= WORK ORDER =
Write out the lines of the material below exactly, beginning at the line with "ASC Jardins invites" and stopping after the line with "зелені квіти з", and leave out the pictures.

(PROVIDED INFORMATION begins)

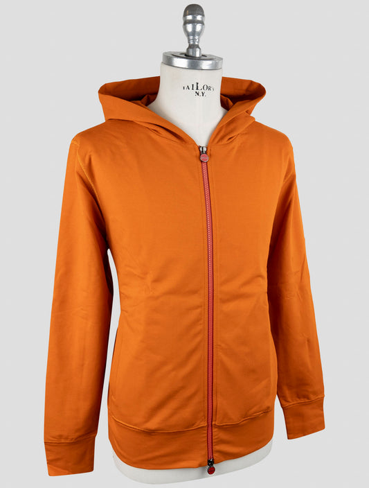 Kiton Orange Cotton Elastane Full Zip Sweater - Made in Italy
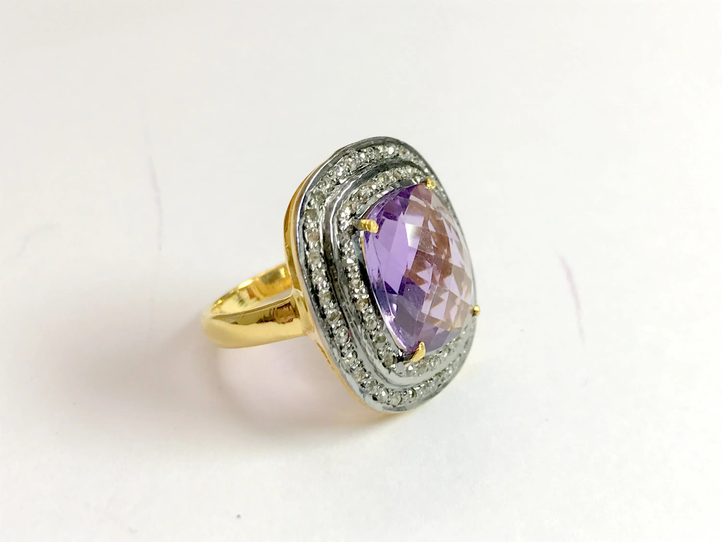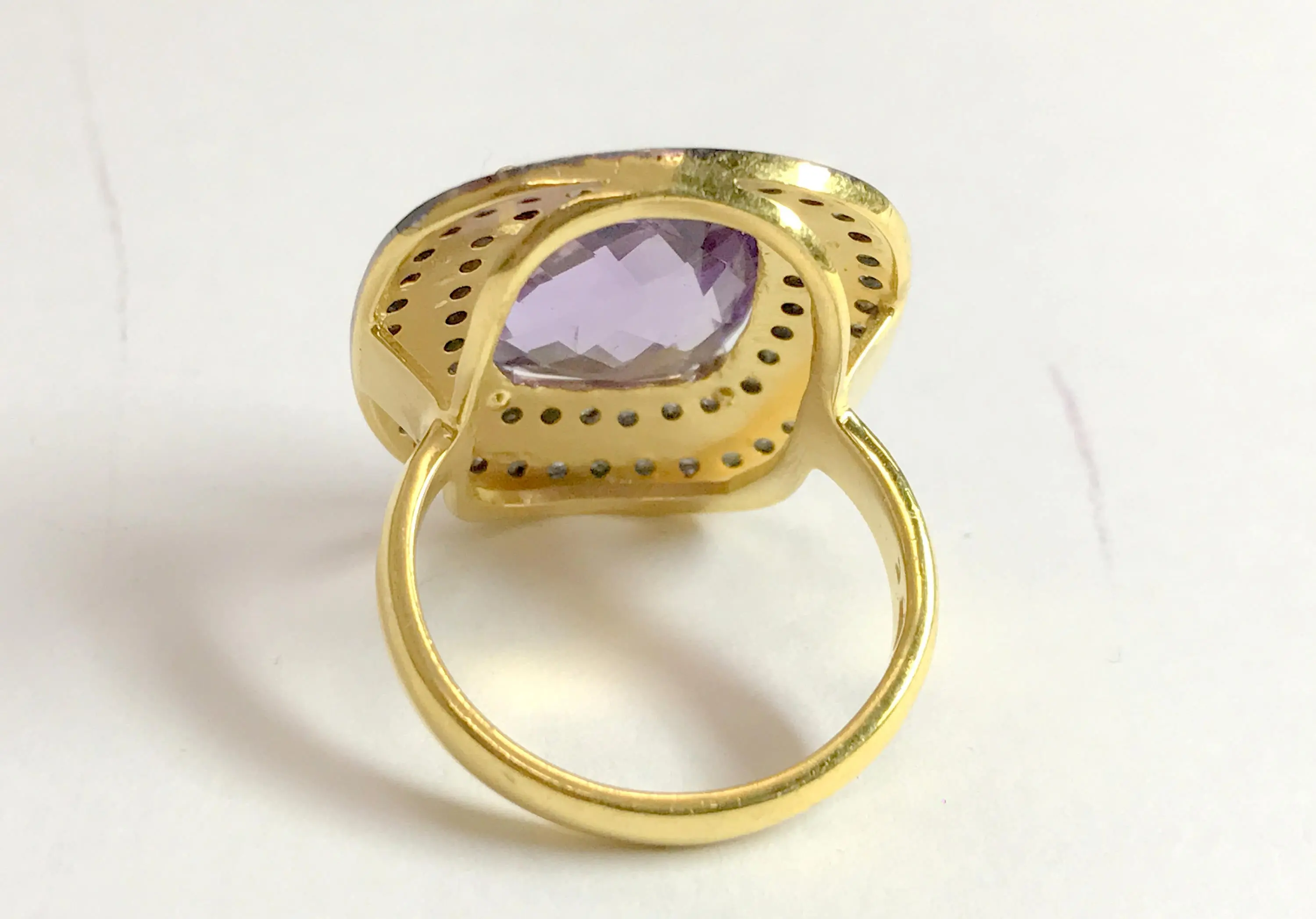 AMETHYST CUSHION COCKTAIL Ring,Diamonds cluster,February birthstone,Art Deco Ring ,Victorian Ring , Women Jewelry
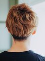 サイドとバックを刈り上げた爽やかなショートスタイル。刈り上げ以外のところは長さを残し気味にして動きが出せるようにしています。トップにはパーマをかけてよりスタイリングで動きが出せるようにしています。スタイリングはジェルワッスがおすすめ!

(PROVIDED INFORMATION ends)
(PROVIDED INFORMATION begins)

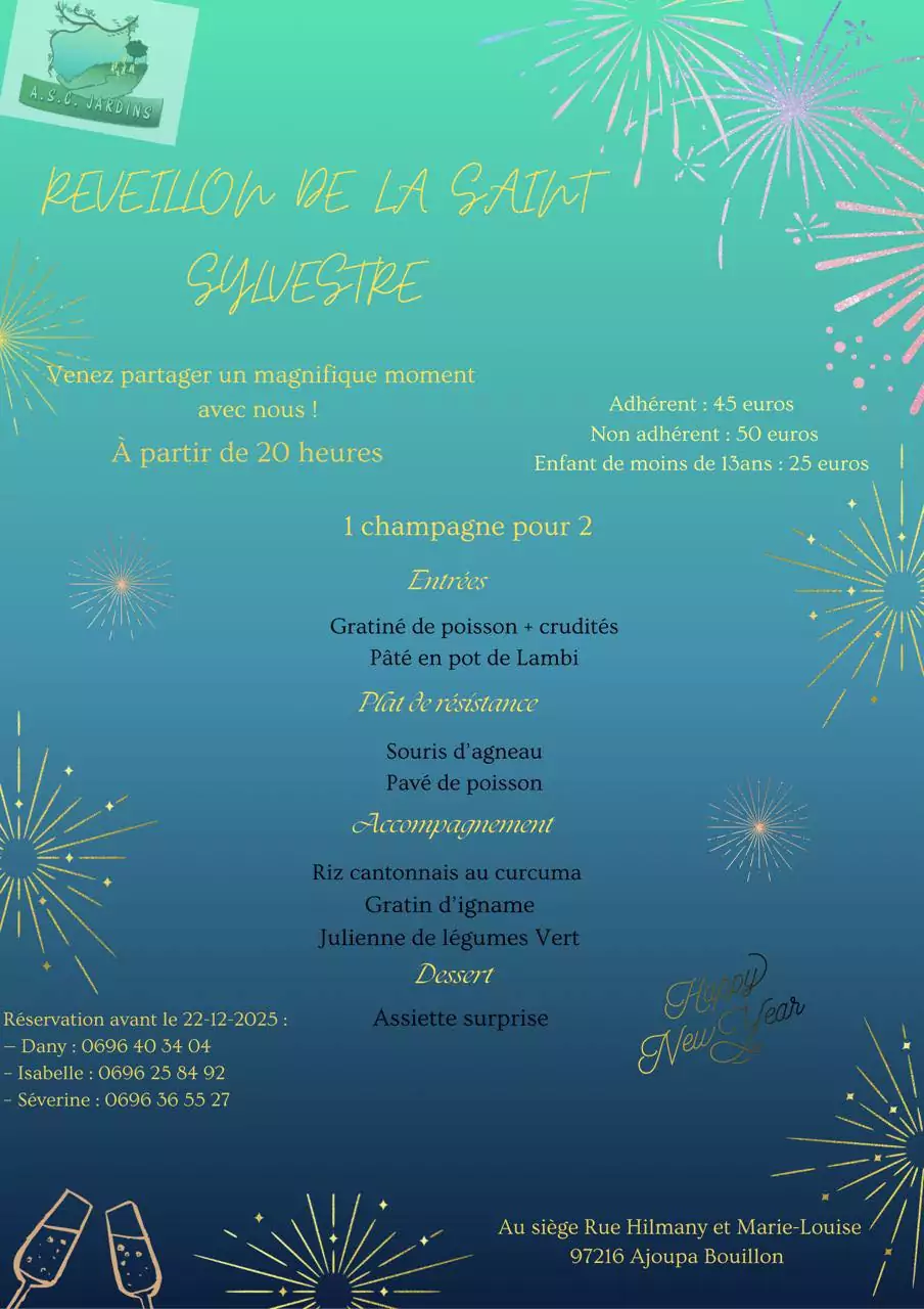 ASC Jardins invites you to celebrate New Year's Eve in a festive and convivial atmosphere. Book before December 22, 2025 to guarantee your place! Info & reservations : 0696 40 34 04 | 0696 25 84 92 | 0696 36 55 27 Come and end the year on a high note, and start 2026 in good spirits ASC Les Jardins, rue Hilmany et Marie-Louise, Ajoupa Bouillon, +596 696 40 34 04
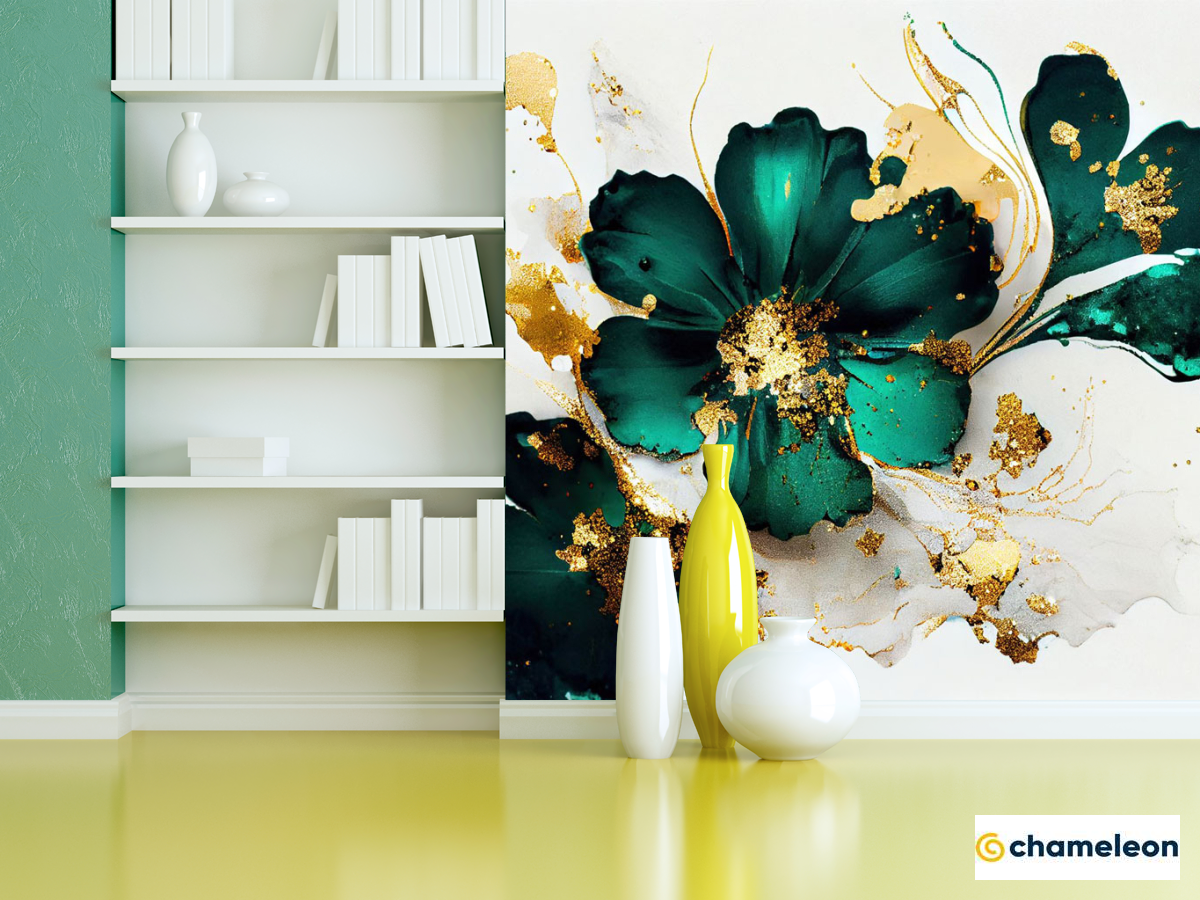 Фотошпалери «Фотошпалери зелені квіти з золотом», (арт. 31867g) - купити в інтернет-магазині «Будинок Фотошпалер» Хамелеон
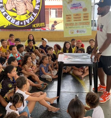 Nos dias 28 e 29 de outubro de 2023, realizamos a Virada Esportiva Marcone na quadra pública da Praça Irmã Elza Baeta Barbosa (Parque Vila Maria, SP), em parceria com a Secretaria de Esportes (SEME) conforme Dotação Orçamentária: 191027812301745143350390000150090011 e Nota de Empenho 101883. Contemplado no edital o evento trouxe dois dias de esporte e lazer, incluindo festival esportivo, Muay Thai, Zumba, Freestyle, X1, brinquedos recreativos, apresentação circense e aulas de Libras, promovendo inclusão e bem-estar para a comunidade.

(PROVIDED INFORMATION ends)

= EXPECTED ANSWER =
 ASC Jardins invites you to celebrate New Year's Eve in a festive and convivial atmosphere. Book before December 22, 2025 to guarantee your place! Info & reservations : 0696 40 34 04 | 0696 25 84 92 | 0696 36 55 27 Come and end the year on a high note, and start 2026 in good spirits ASC Les Jardins, rue Hilmany et Marie-Louise, Ajoupa Bouillon, +596 696 40 34 04
 Фотошпалери «Фотошпалери зелені квіти з золотом», (арт. 31867g) - купити в інтернет-магазині «Будинок Фотошпалер» Хамелеон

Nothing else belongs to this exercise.